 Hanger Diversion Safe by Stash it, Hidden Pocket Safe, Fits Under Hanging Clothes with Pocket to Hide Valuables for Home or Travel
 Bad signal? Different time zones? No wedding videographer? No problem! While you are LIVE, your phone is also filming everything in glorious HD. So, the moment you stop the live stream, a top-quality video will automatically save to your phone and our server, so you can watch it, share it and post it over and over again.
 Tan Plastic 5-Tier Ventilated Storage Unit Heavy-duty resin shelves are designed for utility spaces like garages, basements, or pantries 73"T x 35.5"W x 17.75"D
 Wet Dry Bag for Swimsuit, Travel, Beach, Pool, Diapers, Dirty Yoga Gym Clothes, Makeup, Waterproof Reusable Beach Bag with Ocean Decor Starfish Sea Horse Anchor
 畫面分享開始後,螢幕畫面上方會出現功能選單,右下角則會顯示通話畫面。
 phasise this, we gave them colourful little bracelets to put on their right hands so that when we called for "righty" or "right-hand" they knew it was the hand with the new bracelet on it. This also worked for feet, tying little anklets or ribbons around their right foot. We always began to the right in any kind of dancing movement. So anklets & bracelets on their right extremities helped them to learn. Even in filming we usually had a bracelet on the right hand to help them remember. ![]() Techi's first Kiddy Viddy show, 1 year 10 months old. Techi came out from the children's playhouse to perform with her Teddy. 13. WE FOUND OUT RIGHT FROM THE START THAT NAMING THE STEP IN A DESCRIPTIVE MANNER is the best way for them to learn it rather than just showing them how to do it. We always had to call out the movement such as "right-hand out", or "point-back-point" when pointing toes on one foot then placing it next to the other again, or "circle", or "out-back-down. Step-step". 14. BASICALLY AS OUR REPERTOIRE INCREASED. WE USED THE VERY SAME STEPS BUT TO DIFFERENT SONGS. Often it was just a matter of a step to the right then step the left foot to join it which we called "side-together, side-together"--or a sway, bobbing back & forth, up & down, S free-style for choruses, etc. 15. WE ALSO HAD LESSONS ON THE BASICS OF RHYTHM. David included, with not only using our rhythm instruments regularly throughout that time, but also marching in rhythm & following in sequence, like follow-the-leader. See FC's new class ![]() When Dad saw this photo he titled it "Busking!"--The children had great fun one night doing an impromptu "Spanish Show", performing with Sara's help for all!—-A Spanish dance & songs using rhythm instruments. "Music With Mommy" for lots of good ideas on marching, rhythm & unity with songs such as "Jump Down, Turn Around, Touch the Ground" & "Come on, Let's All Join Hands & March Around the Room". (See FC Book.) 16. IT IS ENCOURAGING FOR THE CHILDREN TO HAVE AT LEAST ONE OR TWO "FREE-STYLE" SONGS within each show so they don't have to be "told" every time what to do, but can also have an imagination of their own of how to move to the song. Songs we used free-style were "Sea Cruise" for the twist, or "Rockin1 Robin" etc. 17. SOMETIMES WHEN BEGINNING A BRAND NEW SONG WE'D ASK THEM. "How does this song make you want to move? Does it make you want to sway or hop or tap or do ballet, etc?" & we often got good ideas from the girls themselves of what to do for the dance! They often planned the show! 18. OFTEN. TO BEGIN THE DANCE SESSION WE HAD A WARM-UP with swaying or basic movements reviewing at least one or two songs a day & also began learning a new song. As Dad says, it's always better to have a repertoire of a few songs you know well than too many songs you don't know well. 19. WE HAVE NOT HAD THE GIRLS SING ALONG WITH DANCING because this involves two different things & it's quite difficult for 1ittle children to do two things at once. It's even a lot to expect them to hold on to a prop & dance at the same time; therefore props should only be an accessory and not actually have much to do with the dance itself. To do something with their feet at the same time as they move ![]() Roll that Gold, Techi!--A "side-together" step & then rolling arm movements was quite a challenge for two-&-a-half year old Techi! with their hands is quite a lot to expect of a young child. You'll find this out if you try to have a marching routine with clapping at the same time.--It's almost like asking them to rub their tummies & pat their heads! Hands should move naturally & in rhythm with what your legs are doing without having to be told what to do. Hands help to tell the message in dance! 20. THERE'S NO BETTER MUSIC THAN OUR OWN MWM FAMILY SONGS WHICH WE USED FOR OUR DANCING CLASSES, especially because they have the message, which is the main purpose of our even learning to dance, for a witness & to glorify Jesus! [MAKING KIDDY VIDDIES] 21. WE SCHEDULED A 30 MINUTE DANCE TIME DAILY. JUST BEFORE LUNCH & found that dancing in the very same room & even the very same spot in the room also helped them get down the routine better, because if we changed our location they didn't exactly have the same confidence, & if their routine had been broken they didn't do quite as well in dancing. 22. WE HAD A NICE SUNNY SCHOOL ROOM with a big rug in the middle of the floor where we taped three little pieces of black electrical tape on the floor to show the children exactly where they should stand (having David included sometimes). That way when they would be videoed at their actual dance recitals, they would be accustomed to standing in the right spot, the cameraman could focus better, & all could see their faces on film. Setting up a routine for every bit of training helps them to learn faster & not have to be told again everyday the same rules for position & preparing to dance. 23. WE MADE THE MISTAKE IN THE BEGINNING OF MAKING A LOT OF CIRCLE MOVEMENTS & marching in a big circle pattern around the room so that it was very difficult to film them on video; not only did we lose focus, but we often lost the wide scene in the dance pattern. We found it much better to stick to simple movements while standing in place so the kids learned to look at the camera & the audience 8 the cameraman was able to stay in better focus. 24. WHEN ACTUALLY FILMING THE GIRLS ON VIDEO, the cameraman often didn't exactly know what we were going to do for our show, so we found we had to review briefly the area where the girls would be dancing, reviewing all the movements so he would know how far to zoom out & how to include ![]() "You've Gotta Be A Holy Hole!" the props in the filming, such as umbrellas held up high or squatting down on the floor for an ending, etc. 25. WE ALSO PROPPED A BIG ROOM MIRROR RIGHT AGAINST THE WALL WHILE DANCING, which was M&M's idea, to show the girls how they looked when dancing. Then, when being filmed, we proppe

# # # #

About this task: Output, unchanged, the lines of the listing above from the first one through the one holding "畫面分享開始後,螢幕畫面上方會出現功能選單,右下角則會顯示通話畫面。". Leave out every line after it.

Response box:
 Hanger Diversion Safe by Stash it, Hidden Pocket Safe, Fits Under Hanging Clothes with Pocket to Hide Valuables for Home or Travel
 Bad signal? Different time zones? No wedding videographer? No problem! While you are LIVE, your phone is also filming everything in glorious HD. So, the moment you stop the live stream, a top-quality video will automatically save to your phone and our server, so you can watch it, share it and post it over and over again.
 Tan Plastic 5-Tier Ventilated Storage Unit Heavy-duty resin shelves are designed for utility spaces like garages, basements, or pantries 73"T x 35.5"W x 17.75"D
 Wet Dry Bag for Swimsuit, Travel, Beach, Pool, Diapers, Dirty Yoga Gym Clothes, Makeup, Waterproof Reusable Beach Bag with Ocean Decor Starfish Sea Horse Anchor
 畫面分享開始後,螢幕畫面上方會出現功能選單,右下角則會顯示通話畫面。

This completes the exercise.